リチウムを電極に使う二次電池は今回、吉野氏と同時にノーベル化学賞を受賞した米ニューヨーク州立大学のマイケル・スタンリー・ウィッティンガム卓越教授が1970年代に開発しましたが、すぐに発火してしまい実用化されませんでした。その後、同じく今回の受賞者である米テキサス大学のジョン・グッドイナフ教授が電池の正極として、化合物のコバルト酸リチウムを開発しましたが、発火の危険性は解消されませんでした。これらの成果を生かし、吉野氏はコバルト酸リチウムを正極に、炭素素材を負極にそれぞれ使う方式を考案。正極と負極を隔ててショートするのを防ぐセパレーター(絶縁材)の開発なども含めてリチウムイオン電池の基本構造を確立し、85年に特許を出願しました。

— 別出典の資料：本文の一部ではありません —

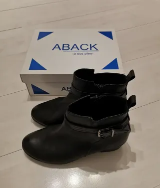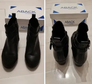 Botines piel auténtica de la marca aback fabricados en España Talla 39 color negro Modelo completamente en piel y con cierre de cremallera y hebilla Perfecto estado Se incluye su caja original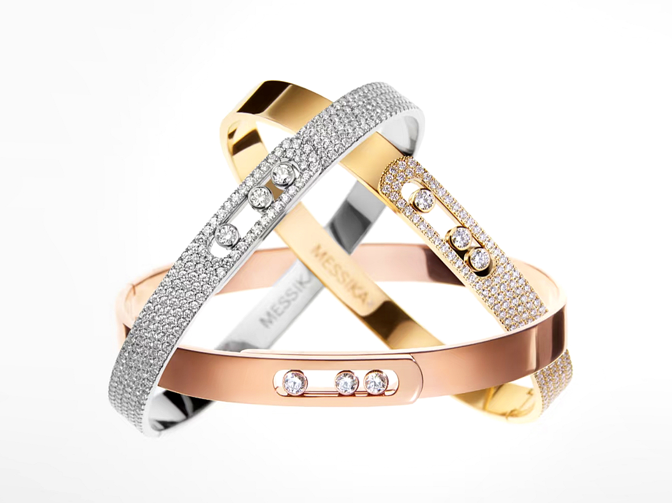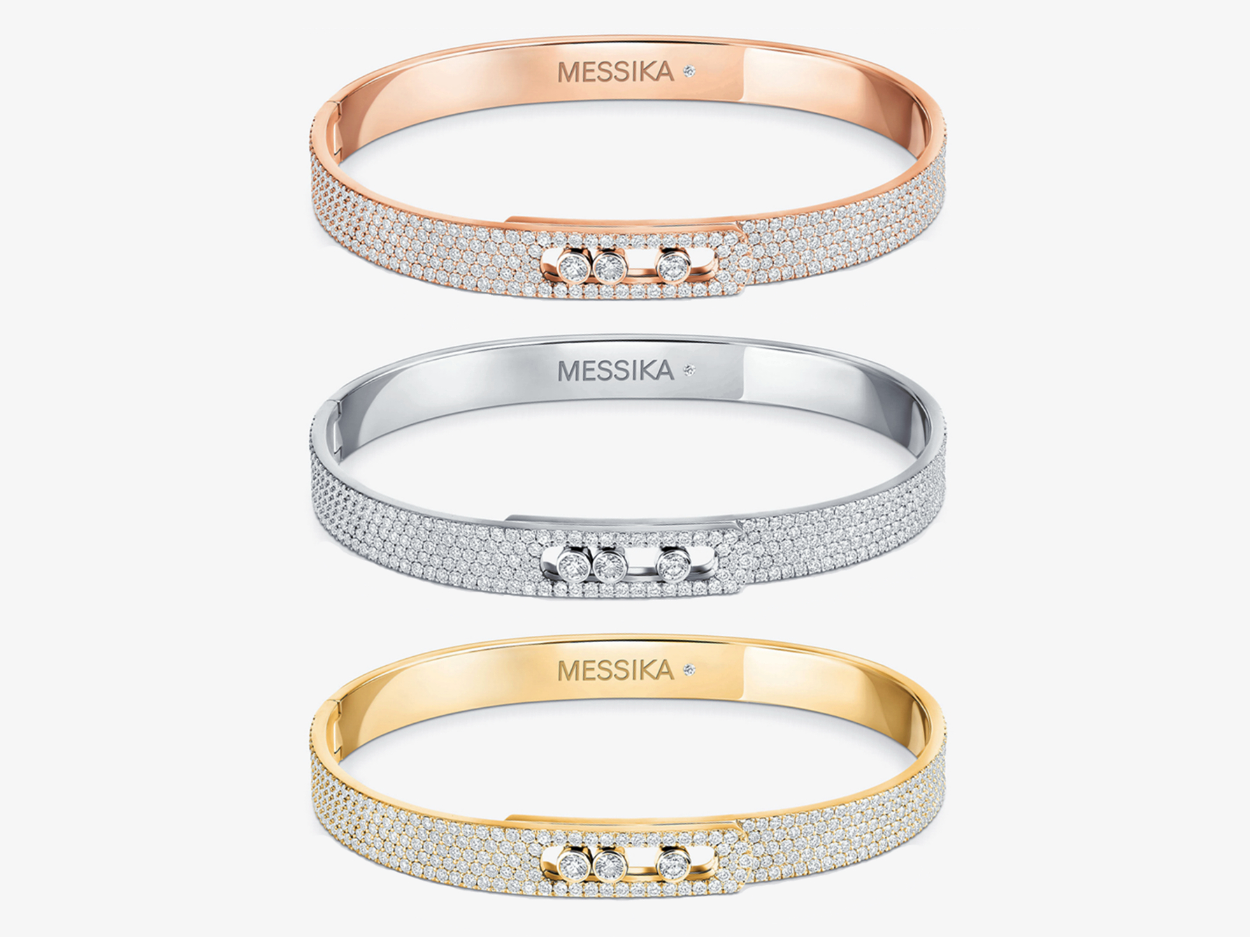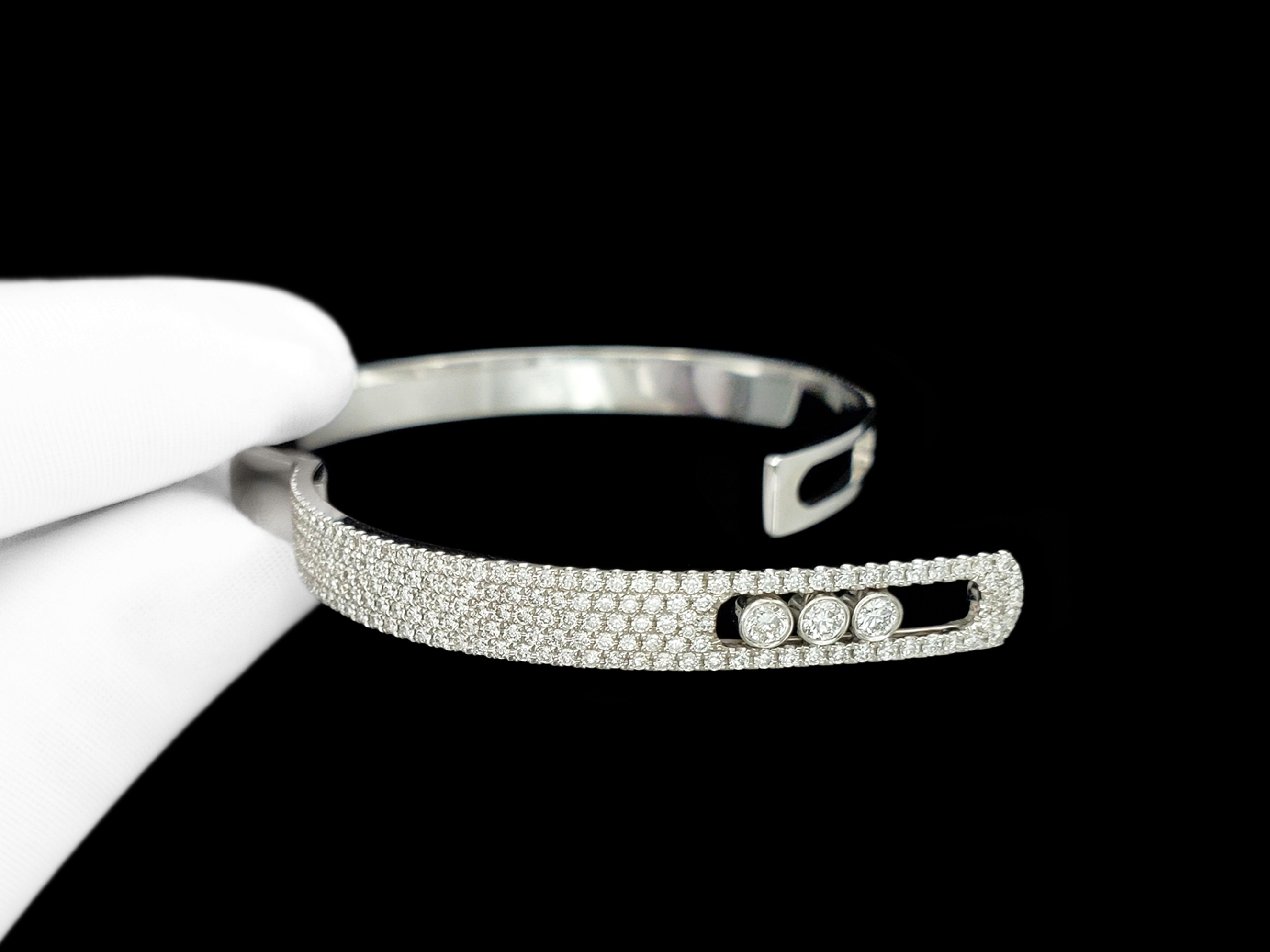 手镯最大的亮点当属主位上移动的钻石,这也是贯穿梅西卡所有珠宝的标志性设计。三颗钻石直径均为2.3毫米,对应5分规格,每一颗都经过包边处理,并嵌入进创新的导轨系统,钻石由此会在举手投足间来回跳跃。这三颗钻石代表了爱情里的过去、现在和未来,仿佛演绎了一场跨越一生一世的时光之旅。

リチウムイオン電池は91年、ソニーが世界で初めて商品化。その後、東芝や旧三洋電機なども相次ぎ製品化しました。ニッケル・カドミウム電池(ニッカド電池)などの二次電池に代わって、90年代半ばからポータブルCDプレーヤーやノートパソコンなどへの搭載が広がり、電子機器の小型化が進みました。特に携帯電話の軽量・小型化は世界の通信環境を一変させました。リチウムイオン電池は日本のエレクトロニクス産業を支える商品として、日本製が世界で高いシェアを占めましたが、2010年ごろから韓国や中国のメーカーが台頭し、市場での立場が逆転しました。
リチウムイオン電池は近年、ハイブリッド車や家庭用蓄電装置、国際宇宙ステーションなどでも使われ、需要はさらに拡大しています。特に、従来のニッケル水素電池と比べ数倍のエネルギーをためられるうえ、電圧が高く大きな出力(パワー)が得られるため、EVへの普及が進んでいます。調査会社の富士経済(東京・中央)は、19年は4兆7855億円の世界のリチウムイオン電池の市場規模が22年には7兆3914億円に拡大すると予想しています。